I was caught by the arm.
A loud clash erupted around us as if lightning had struck the spot where we stood.
I screamed, and as if from a distance, heard my father shouting.
Then he was in my mind. Not merely inside my dream. But my inner mind.
But so, too, was I in his.
I saw a corrupt Valtain court. The air was heavy and sweet with spilled ambrosial wine. Indulgent feasts stretched out on tables, filled with decadent offerings, some so terrible, my mind could not fathom them. My brothers and sisters entwined in lascivious dances, draped in exquisite garments adorned with gemstones that sparkled like corrupted stars. Their laughter was a discordant symphony that echoed through the twisted corridors of my memory. I saw two men, my brothers, struggling over a beautiful mortal woman. And when they could not agree on who would possess her, one slid a sword from his belt and sliced her in half. They laughed. How they laughed then, drunkenly sliding in the pool of her blood.

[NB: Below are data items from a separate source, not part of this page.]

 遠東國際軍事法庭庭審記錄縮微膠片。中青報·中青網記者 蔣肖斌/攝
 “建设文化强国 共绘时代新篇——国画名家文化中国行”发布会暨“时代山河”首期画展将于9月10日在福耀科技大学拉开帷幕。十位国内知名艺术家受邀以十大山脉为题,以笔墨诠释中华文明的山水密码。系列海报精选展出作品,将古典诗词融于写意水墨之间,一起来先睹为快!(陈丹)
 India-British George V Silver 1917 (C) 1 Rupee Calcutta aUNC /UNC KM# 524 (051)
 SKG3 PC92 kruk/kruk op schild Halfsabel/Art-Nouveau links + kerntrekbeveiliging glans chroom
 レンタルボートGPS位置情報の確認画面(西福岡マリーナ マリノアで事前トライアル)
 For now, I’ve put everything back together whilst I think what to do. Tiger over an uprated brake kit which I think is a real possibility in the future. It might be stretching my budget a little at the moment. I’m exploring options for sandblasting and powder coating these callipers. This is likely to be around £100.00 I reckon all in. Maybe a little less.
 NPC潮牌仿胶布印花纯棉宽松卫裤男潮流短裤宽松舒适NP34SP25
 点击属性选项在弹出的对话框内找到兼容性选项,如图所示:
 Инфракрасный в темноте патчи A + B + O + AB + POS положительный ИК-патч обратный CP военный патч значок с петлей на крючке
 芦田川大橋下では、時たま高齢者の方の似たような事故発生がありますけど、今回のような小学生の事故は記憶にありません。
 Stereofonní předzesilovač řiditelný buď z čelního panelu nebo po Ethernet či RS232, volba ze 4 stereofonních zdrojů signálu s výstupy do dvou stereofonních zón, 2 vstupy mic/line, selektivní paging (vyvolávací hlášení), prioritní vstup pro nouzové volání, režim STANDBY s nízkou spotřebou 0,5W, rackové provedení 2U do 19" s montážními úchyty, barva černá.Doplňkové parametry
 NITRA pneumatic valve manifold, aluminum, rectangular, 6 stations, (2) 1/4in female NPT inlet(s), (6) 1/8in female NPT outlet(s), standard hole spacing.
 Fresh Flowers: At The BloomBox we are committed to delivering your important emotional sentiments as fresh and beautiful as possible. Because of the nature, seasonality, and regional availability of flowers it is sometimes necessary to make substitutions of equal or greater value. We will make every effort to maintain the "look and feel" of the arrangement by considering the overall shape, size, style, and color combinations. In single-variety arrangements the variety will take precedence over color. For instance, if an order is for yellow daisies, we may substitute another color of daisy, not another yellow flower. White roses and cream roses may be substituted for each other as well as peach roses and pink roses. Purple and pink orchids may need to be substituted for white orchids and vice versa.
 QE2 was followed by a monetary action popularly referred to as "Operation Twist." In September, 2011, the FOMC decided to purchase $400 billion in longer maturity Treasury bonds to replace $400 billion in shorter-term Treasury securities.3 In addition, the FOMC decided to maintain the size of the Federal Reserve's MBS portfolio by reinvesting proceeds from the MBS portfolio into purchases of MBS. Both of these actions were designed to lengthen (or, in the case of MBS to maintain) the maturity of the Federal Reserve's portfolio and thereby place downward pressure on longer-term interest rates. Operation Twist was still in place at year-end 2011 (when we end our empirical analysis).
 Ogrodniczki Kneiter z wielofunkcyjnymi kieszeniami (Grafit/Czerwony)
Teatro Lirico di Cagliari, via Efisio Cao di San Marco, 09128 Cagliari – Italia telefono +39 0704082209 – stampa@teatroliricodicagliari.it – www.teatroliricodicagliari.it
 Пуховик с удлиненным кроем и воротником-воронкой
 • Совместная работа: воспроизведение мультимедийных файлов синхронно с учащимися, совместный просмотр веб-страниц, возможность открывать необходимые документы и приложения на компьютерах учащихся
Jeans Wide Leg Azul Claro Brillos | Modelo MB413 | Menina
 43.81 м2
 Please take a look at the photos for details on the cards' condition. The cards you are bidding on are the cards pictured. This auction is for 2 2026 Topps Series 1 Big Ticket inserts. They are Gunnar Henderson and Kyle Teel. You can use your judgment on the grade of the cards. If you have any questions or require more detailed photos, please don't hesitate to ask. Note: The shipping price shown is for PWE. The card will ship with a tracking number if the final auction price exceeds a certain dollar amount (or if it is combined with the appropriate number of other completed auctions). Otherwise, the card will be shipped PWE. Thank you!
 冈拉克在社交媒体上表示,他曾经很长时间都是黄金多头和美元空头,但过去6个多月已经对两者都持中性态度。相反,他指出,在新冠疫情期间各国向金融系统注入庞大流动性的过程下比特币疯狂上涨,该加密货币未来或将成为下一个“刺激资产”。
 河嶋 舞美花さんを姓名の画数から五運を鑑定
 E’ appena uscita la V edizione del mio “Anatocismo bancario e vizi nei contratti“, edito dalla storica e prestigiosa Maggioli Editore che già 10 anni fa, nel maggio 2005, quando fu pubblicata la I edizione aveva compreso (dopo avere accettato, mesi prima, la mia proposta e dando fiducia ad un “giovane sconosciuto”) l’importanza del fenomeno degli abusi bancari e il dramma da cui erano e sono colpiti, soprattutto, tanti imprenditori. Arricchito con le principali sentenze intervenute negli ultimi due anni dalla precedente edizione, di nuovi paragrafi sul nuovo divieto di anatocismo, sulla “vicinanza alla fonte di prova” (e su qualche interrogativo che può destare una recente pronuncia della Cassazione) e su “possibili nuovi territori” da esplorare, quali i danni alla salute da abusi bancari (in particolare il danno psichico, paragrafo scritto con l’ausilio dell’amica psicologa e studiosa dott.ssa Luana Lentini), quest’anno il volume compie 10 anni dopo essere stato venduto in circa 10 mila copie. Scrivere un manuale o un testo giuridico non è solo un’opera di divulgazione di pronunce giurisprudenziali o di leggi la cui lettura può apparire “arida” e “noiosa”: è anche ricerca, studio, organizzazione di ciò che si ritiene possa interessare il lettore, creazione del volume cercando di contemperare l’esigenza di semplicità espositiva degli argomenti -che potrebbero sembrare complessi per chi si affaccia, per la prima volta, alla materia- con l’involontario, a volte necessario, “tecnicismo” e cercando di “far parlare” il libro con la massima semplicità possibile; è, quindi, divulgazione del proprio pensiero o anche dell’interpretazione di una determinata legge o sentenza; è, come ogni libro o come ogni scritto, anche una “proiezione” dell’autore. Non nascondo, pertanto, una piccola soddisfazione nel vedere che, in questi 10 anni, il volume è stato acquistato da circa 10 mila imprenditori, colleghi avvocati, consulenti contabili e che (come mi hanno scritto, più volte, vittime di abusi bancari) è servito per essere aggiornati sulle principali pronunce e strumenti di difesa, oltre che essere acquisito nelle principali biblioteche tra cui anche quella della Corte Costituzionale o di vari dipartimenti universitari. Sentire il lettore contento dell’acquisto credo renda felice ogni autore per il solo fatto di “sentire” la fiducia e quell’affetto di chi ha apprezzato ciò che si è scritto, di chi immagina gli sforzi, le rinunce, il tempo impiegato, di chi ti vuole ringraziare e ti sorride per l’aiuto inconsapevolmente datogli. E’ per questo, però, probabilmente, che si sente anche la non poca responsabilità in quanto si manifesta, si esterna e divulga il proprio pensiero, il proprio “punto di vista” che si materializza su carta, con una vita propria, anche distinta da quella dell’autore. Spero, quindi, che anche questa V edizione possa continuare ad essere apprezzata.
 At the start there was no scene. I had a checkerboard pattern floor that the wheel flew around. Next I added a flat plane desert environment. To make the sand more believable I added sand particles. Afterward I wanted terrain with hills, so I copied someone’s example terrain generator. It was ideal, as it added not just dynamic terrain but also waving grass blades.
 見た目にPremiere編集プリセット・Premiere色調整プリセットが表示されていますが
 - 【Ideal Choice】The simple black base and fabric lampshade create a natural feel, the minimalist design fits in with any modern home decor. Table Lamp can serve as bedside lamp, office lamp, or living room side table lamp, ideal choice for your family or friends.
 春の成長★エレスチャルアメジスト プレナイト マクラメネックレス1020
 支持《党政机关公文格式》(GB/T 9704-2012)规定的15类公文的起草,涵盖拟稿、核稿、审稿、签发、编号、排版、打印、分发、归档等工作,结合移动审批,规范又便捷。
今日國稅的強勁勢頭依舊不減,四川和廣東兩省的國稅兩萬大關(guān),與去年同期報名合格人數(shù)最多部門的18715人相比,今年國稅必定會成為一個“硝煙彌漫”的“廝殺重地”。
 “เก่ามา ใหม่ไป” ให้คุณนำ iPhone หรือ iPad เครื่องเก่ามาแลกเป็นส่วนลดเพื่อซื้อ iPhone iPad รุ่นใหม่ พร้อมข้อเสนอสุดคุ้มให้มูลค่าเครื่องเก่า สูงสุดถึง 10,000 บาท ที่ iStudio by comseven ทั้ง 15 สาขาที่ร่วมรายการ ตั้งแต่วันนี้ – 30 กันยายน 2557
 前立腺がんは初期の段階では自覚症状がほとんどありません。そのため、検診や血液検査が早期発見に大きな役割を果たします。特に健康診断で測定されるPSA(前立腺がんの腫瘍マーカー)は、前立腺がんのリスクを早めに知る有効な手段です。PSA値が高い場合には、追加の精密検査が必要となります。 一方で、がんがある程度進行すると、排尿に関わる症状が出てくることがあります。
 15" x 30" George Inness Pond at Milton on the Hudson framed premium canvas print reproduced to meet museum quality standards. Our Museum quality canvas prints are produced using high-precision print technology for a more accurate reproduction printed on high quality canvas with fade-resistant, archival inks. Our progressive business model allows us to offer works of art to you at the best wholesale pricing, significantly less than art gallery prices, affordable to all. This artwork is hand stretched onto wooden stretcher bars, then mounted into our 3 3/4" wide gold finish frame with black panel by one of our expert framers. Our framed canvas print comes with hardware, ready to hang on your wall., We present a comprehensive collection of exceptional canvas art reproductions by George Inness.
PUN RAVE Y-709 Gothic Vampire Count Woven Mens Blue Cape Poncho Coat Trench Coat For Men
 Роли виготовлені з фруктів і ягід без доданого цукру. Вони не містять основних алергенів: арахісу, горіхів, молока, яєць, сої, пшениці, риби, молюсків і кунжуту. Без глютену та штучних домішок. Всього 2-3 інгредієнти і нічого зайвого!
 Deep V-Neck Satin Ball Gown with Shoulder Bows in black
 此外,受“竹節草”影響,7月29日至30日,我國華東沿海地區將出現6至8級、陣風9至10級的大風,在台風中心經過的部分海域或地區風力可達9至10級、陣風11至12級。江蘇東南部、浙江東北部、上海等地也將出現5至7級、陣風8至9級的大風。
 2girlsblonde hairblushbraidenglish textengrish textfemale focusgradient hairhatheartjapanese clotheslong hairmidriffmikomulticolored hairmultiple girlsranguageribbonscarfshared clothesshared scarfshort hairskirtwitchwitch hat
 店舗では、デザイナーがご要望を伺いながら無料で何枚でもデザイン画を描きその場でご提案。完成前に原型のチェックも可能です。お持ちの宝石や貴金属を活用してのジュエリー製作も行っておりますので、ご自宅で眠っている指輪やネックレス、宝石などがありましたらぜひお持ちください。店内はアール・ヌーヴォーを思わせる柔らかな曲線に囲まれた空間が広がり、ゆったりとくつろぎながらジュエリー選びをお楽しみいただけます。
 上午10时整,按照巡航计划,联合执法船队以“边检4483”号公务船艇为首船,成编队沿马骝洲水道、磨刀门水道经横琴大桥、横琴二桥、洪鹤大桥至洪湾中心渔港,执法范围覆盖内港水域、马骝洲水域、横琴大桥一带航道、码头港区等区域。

Nearby, my father sat on his throne and looked on, bored and indulgent.
I looked further.
I saw my father, drained of his power and weakened in a great battle centuries before. His court had fallen. His children were dead or scattered. His vast empire was destroyed.
I saw him striving to regain what he had lost in any way he could. Forced to face off with Myntra one hundred and fifty years ago, he avoided another battle like the one he had lost, tricking them into their self-imposed curse of barrenness and taking the power he gained from sacrificing Valtain’s children. He wrapped their souls like a precious newborn, carrying his newfound power to a mountain stronghold, so near to the clouds, it might have been the heavens. A palace so near the stars that they seemed touchable.
I saw darkness stretching like tendrils over Aercanum. The darkness of my father’s designs. First Eskira, then Myntra, and then all of Aercanum, until all fae and mortals were under his dominion and all lesser creatures were slaughtered or enslaved.
I saw a future of my father’s making. The one he dreamed about. A world awash in blood. I saw my friends slaughtered and dying. I saw my mate’s face drenched in gore.
I saw and I saw and I saw until I wished to see no more. I pushed and I shoved, then I screamed and stabbed and cut and tore until my hands were claws and knives, scrabbling at my own mind to get the things I had seen out, to get him out, for he was scanning and searching, and I knew once he had found me, he would take and take and never stop taking.
But no matter how I slashed and scratched, the thunderous, baleful presence that was my father would not withdraw from that place he had no right to be.